Polly studied the pots that hung from the rafters like so many weapons in an armory. “So answer the man. Don’t give him an excuse to come calling and start charming Allie away from all good sense.”

“God in heaven.” Sara’s expression blanked with dismay. “You don’t think he’d follow in Reynard’s footsteps?”

“If he follows in any of Reynard’s footsteps,” Polly rejoined darkly, “I’ll cook him a meal he won’t live to digest.”

Polly took herself off to bed on that note, leaving Sara to deliver the various piles of clean laundry around the house. But Sara considered the prospect of trundling up and down several sets of steps, several times, and possibly running into Beckman—polite, friendly Beckman, whose eyes in the days since they’d been to Portsmouth always held a hint of a question—and decided Allie could handle that chore in the morning.

Allie could not, however, write a reply letter to Tremaine St. Michael.
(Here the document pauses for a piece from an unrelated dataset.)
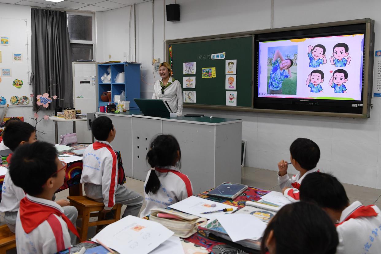 10月15日,在北京市海淀区第四实验小学《欢乐的游乐园》主题美术公开课上,老师展示利用AI技术生成的学生漫画形象。新华社记者 马宁 摄

Directing her steps to the library, Sara tried to draft the letter in her mind. She got out pen, paper, sand, and ink, and stared at the blank page, then managed, “Dear Tremaine.”

Dear Tremaine?
Dear?

“I thought you’d be in bed by now.” Beckman stood at the door, looking tired, damp from his nightly soak, and wary.

Sara gave him a tentative smile. “Trying to see to some correspondence. Do you need the desk?”

“Just some ink.” Beck sidled into the room and propped a hip on the desk, surveying her. “So how fare you, Sara Hunt?”

The question was there in his eyes, and a hint of concern too. Sara stared at the inkwell rather than look on either. “I’m tired. You?”

“Tired as well. May I ask you a question?”

She braced herself for some scathing inquiry, though his manner was not belligerent. “Of course.”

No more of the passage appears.